The woman, who asked not to be identified due to privacy concerns, said her story was corroborated by documents provided by her attorney and Facewatch, and said there must have been an error. A few days later, she contacted Facewatch, which apologized for misidentifying her.

After the woman threatened legal action, Facewatch thoroughly investigated the record. The woman was added to her watch list when she was found to have had an incident involving £20 (about $25) of merchandise 10 months ago. The system “worked perfectly,” Facewatch said.

But while technology accurately identified women, it left less room for human discretion. Neither Facewatch nor the store where the incident occurred informed her that she was on her watch list and did not contact her to ask what had happened.

The woman said she had no recollection of the incident and had never shoplifted. She said she may have walked out without realizing she hadn’t completed her debit card payment at the self-checkout kiosk.

Madeleine Stone, legal and policy director at Big Brother Watch, said Facewatch “standardizes airport-style security checks on everyday activities like buying a pint of milk.”

Gordon declined to comment on the Bristol incident.

In general, “Mistakes are rare, but mistakes do happen,” he said. “If something like this happens, we will admit our mistake, apologize, delete the relevant data to prevent it from happening again, and provide commensurate compensation,” he added.

Civil liberties groups have expressed concerns about facewatches, saying their introduction to combat misdemeanors is illegal under UK privacy law, which requires biometric technology to have a “significant public interest” suggested that it could be

The UK Information Commissioner’s Office, a privacy regulator, has conducted a year-long investigation into Facewatch.The agency said in March that Facewatch’s system permissible under the lawbut only after the company makes changes to the way it operates.

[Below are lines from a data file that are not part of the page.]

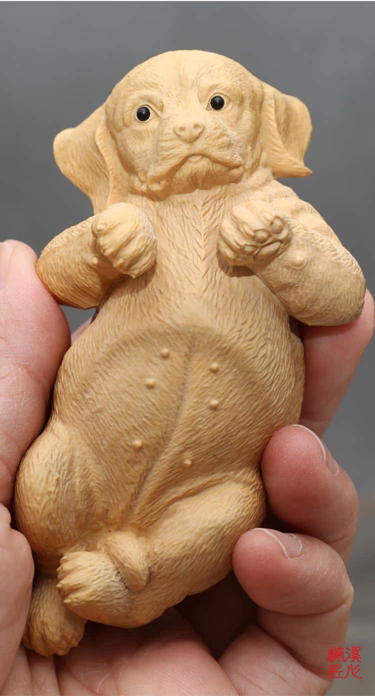 楠溪匠心木雕動物小狗擺件手把件雕刻工藝家居飾品木刻茶寵調皮狗1入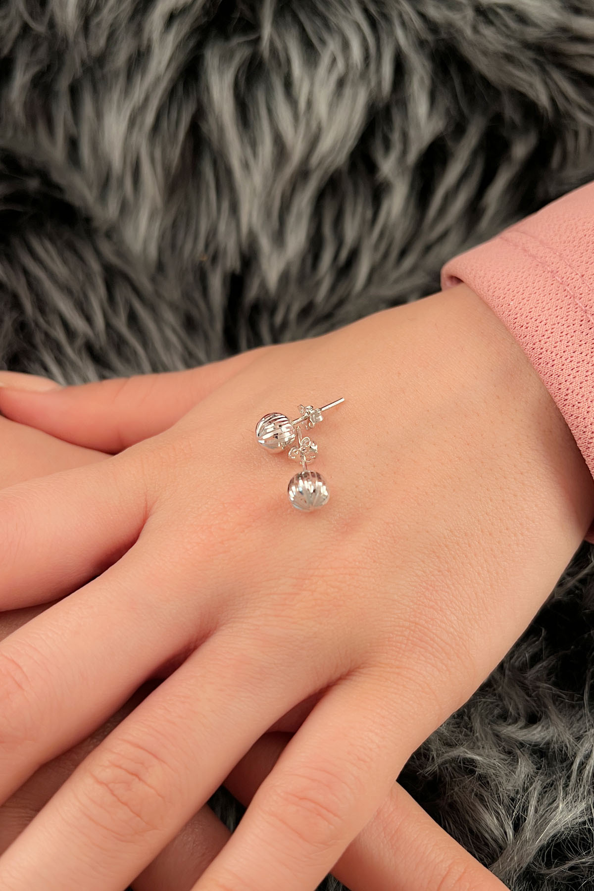 14 Ayar Altın Beyaz Işıltılı Top Küpe Büyük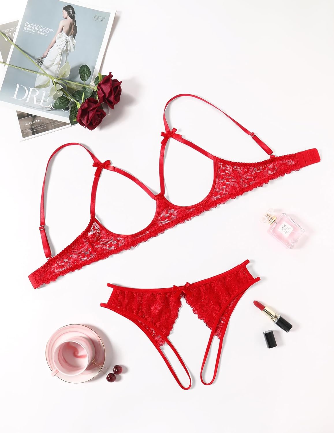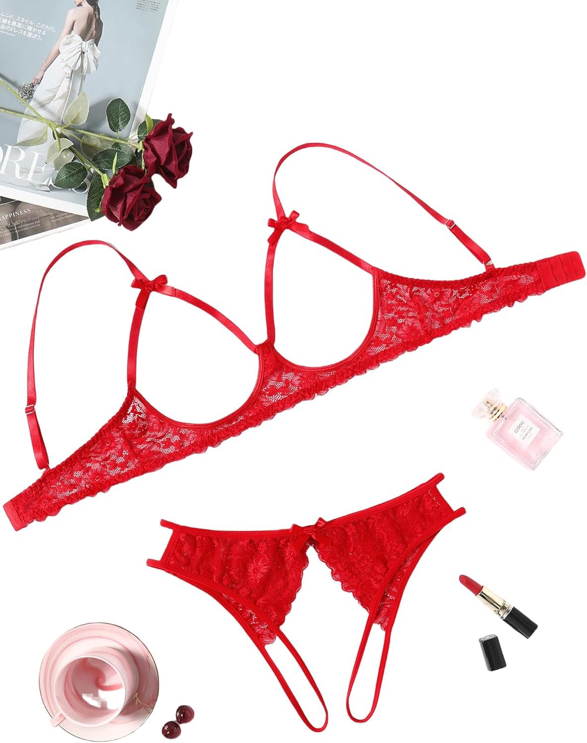 Avidlove Women’s Exotic Lingerie Sets Naughty 2 Pieces Bra Panty Set Sexy Cutout Lace Lingerie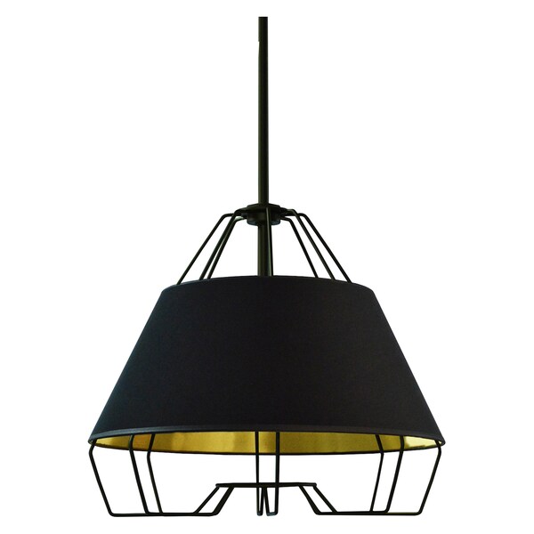1 Light Black Pendant With Black On Gold Hardback Shade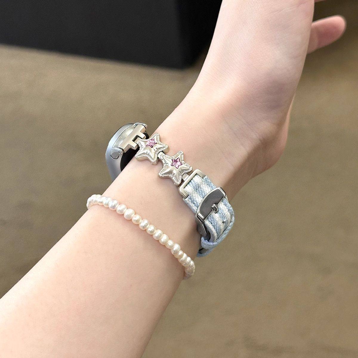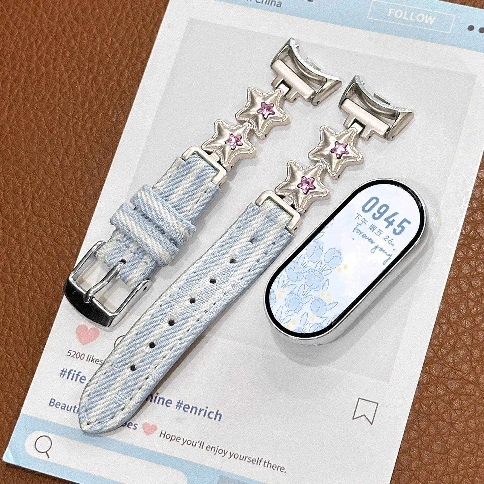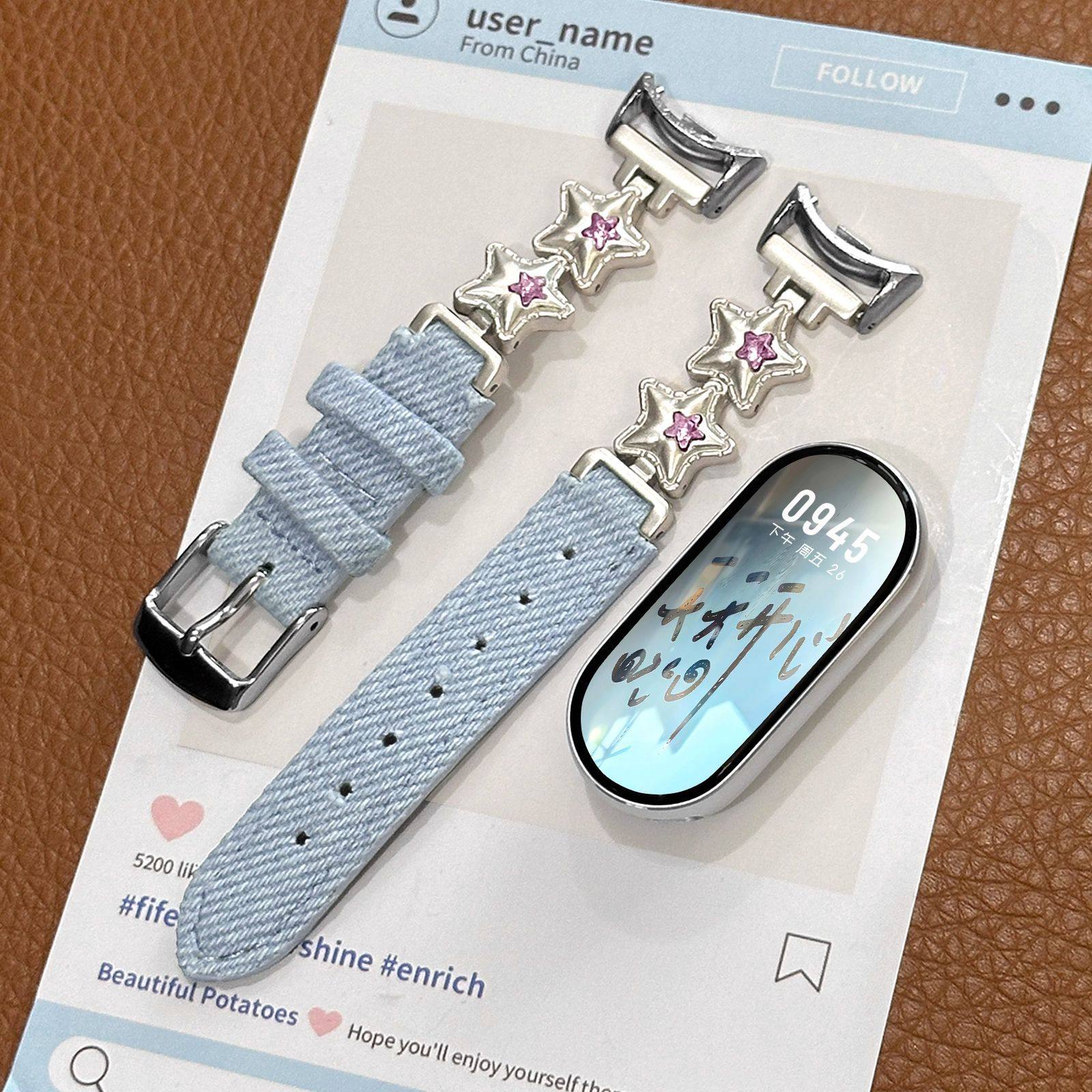 适用于小米手环10表带9/8爆款镶钻星星气球平纹拼金属表带7NFC版腕带彩钻星星平纹牛仔皮质表带女夏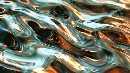 An abstract depiction of liquid with swirling patterns in shades of copper and turquoise, reflecting light and creating an engaging visual texture for artistic applications.

The agency’s deputy director of regulatory oversight, Stephen Bonner, said in an interview that the investigation led Facewatch to change its policy, adding more signage in stores and only posting information about serious and violent offenders between stores. will only share and issue warnings on: repeat offender. That means you won’t be put on a watch list for a single misdemeanor like the woman in Bristol.

“This reduces the amount of personal data that is retained, reduces the likelihood of individuals being added to these types of lists unjustly, and increases the likelihood that the list will be accurate,” Bonner said. He said the technology is “no different than having very good security guards.”

Liam Ardern, operations manager at Lawrence Hunt, which owns 23 Spar convenience stores that use Facewatch, estimates the technology has saved the company more than £50,000 since 2020.

He argued that facial recognition’s privacy risks were exaggerated. The only misidentification he remembers was when a man mistook him for his identical twin who had shoplifted. Critics overlook that shops like his operate on thin margins, he said.

“It’s easy for them to say, ‘No, that’s against human rights,'” Ardern said. If shoplifting continues, stores will have to raise prices or cut staff, he said.